***** AVAILABLE DATA
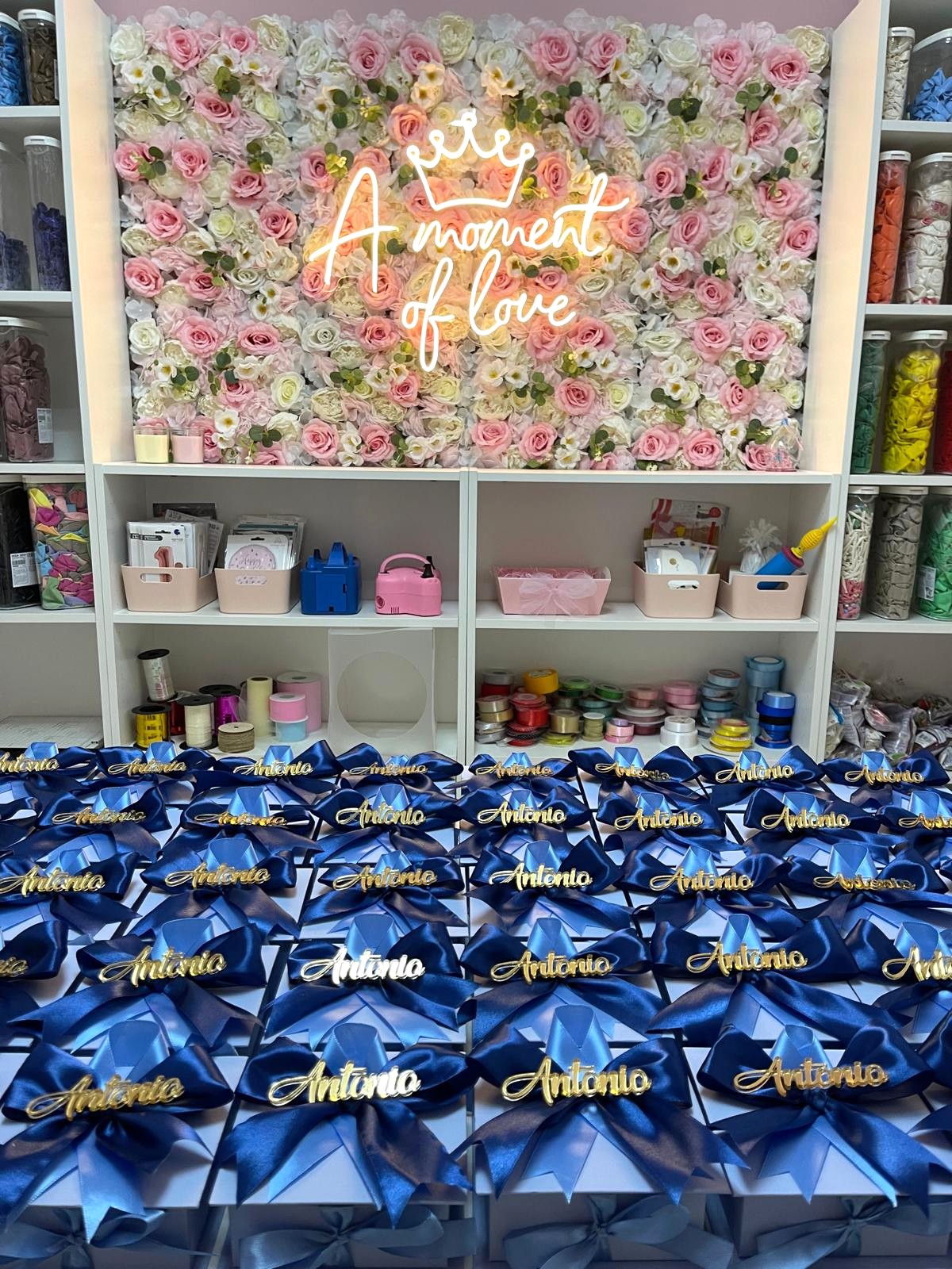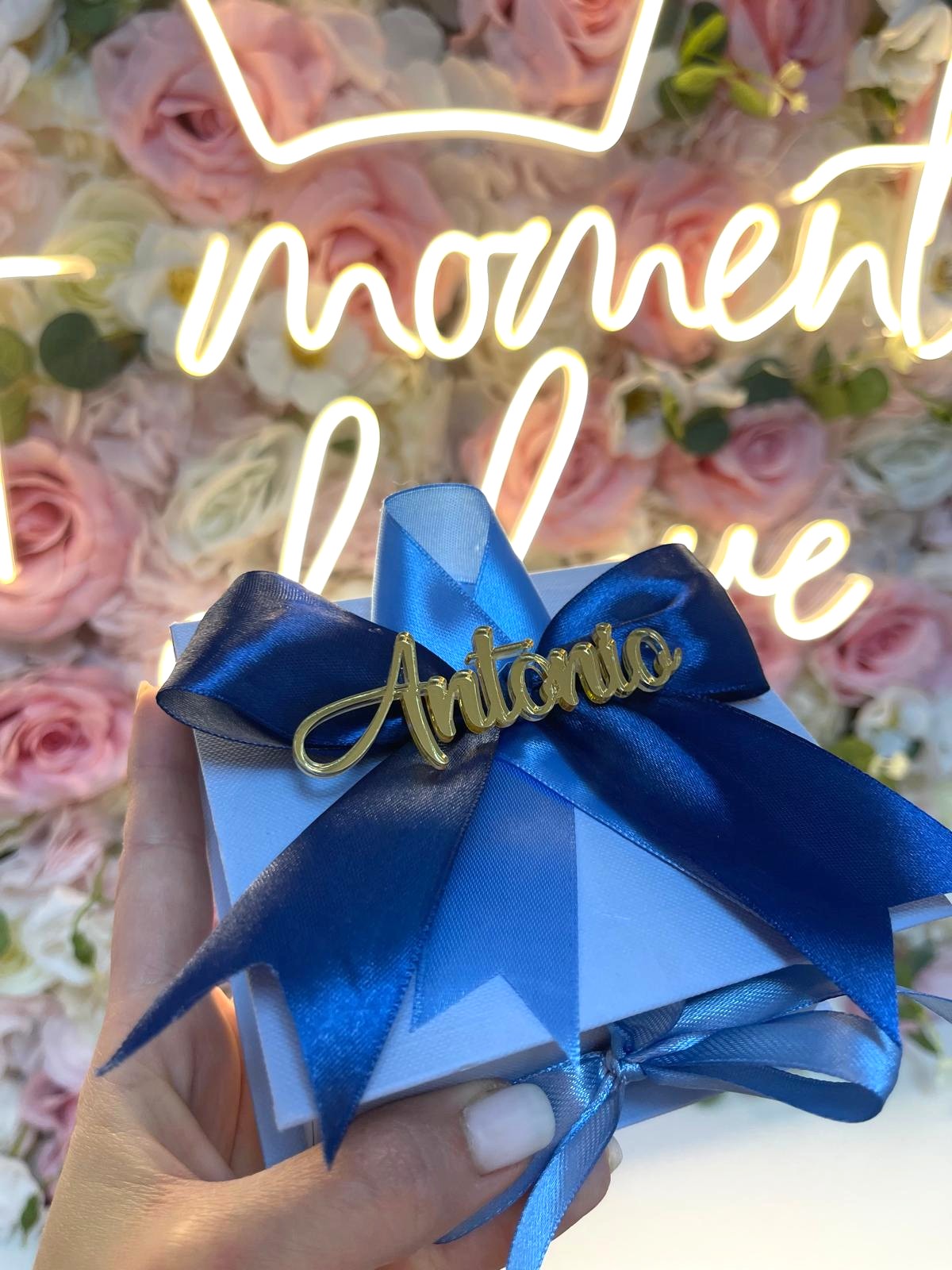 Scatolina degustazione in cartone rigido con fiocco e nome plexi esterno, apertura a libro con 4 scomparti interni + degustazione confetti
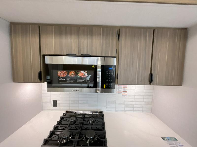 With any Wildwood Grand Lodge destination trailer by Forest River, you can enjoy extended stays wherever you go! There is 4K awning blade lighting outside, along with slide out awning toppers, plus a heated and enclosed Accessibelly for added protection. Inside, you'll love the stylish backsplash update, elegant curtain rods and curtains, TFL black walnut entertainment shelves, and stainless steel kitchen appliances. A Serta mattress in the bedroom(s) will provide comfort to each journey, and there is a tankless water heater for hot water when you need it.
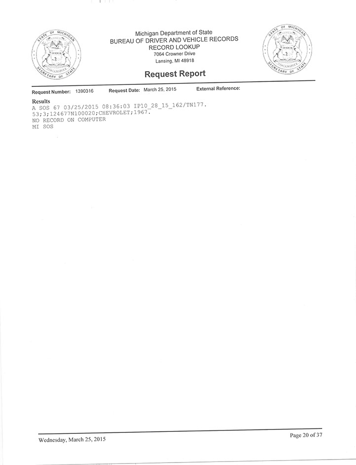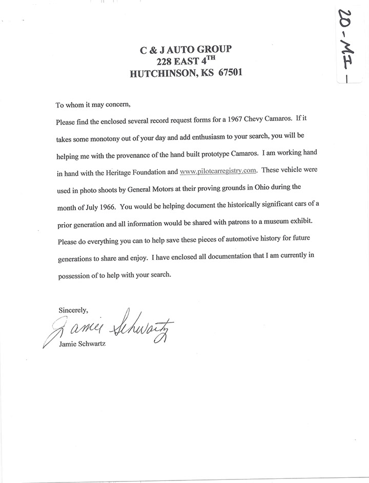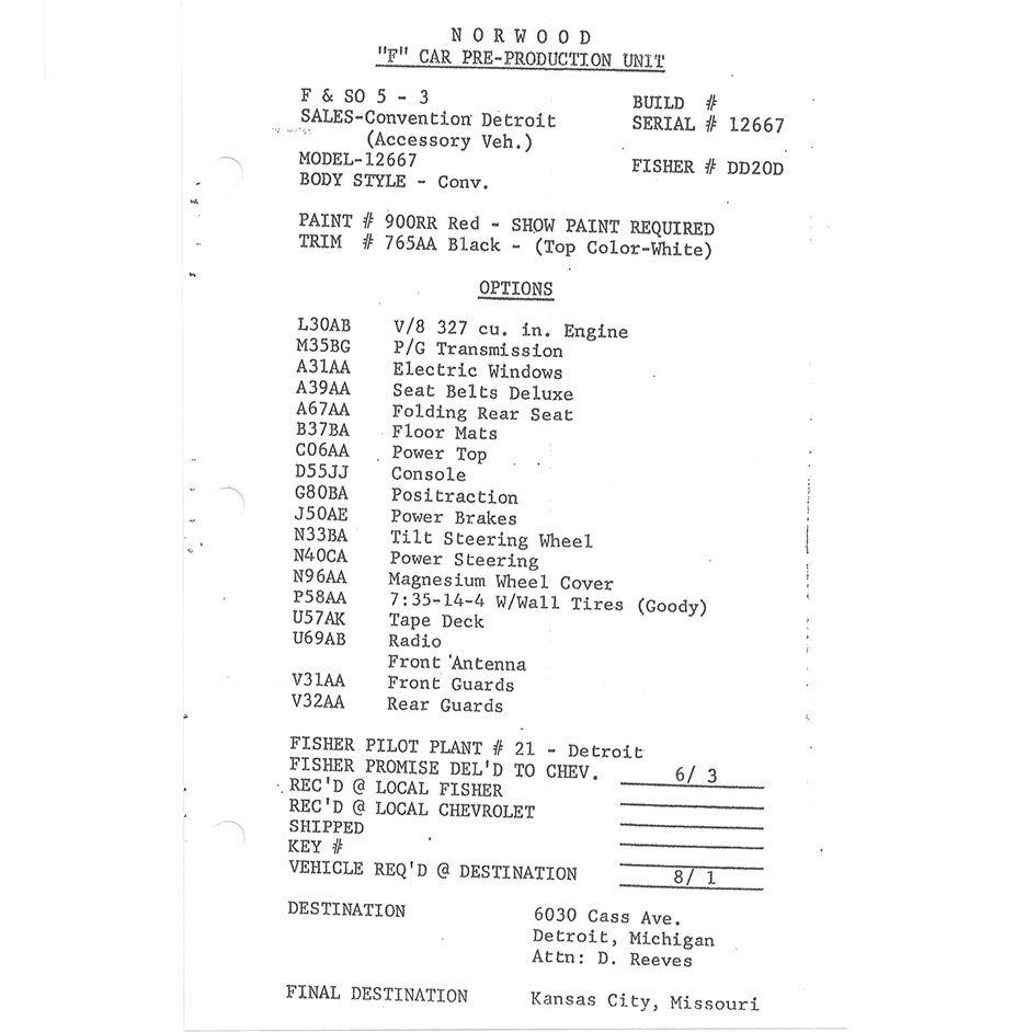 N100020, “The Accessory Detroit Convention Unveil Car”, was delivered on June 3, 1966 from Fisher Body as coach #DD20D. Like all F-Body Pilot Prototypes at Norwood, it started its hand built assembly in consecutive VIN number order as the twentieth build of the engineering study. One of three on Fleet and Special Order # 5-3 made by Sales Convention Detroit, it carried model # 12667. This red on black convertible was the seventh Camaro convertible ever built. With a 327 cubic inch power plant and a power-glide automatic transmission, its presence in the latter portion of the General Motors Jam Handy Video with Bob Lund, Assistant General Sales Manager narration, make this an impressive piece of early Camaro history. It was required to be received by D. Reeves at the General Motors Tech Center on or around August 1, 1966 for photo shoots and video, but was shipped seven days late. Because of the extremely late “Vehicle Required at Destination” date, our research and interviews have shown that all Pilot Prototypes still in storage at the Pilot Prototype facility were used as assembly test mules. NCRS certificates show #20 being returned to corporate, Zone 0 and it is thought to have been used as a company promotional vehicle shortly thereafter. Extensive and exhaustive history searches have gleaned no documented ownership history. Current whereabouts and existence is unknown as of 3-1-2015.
**********
• WHAT THE EXERCISE ASKS
An exact reproduction of the data above is required, with every picture removed.

• RESPONSE TO THIS TASK
 Scatolina degustazione in cartone rigido con fiocco e nome plexi esterno, apertura a libro con 4 scomparti interni + degustazione confetti
 With any Wildwood Grand Lodge destination trailer by Forest River, you can enjoy extended stays wherever you go! There is 4K awning blade lighting outside, along with slide out awning toppers, plus a heated and enclosed Accessibelly for added protection. Inside, you'll love the stylish backsplash update, elegant curtain rods and curtains, TFL black walnut entertainment shelves, and stainless steel kitchen appliances. A Serta mattress in the bedroom(s) will provide comfort to each journey, and there is a tankless water heater for hot water when you need it.
 N100020, “The Accessory Detroit Convention Unveil Car”, was delivered on June 3, 1966 from Fisher Body as coach #DD20D. Like all F-Body Pilot Prototypes at Norwood, it started its hand built assembly in consecutive VIN number order as the twentieth build of the engineering study. One of three on Fleet and Special Order # 5-3 made by Sales Convention Detroit, it carried model # 12667. This red on black convertible was the seventh Camaro convertible ever built. With a 327 cubic inch power plant and a power-glide automatic transmission, its presence in the latter portion of the General Motors Jam Handy Video with Bob Lund, Assistant General Sales Manager narration, make this an impressive piece of early Camaro history. It was required to be received by D. Reeves at the General Motors Tech Center on or around August 1, 1966 for photo shoots and video, but was shipped seven days late. Because of the extremely late “Vehicle Required at Destination” date, our research and interviews have shown that all Pilot Prototypes still in storage at the Pilot Prototype facility were used as assembly test mules. NCRS certificates show #20 being returned to corporate, Zone 0 and it is thought to have been used as a company promotional vehicle shortly thereafter. Extensive and exhaustive history searches have gleaned no documented ownership history. Current whereabouts and existence is unknown as of 3-1-2015.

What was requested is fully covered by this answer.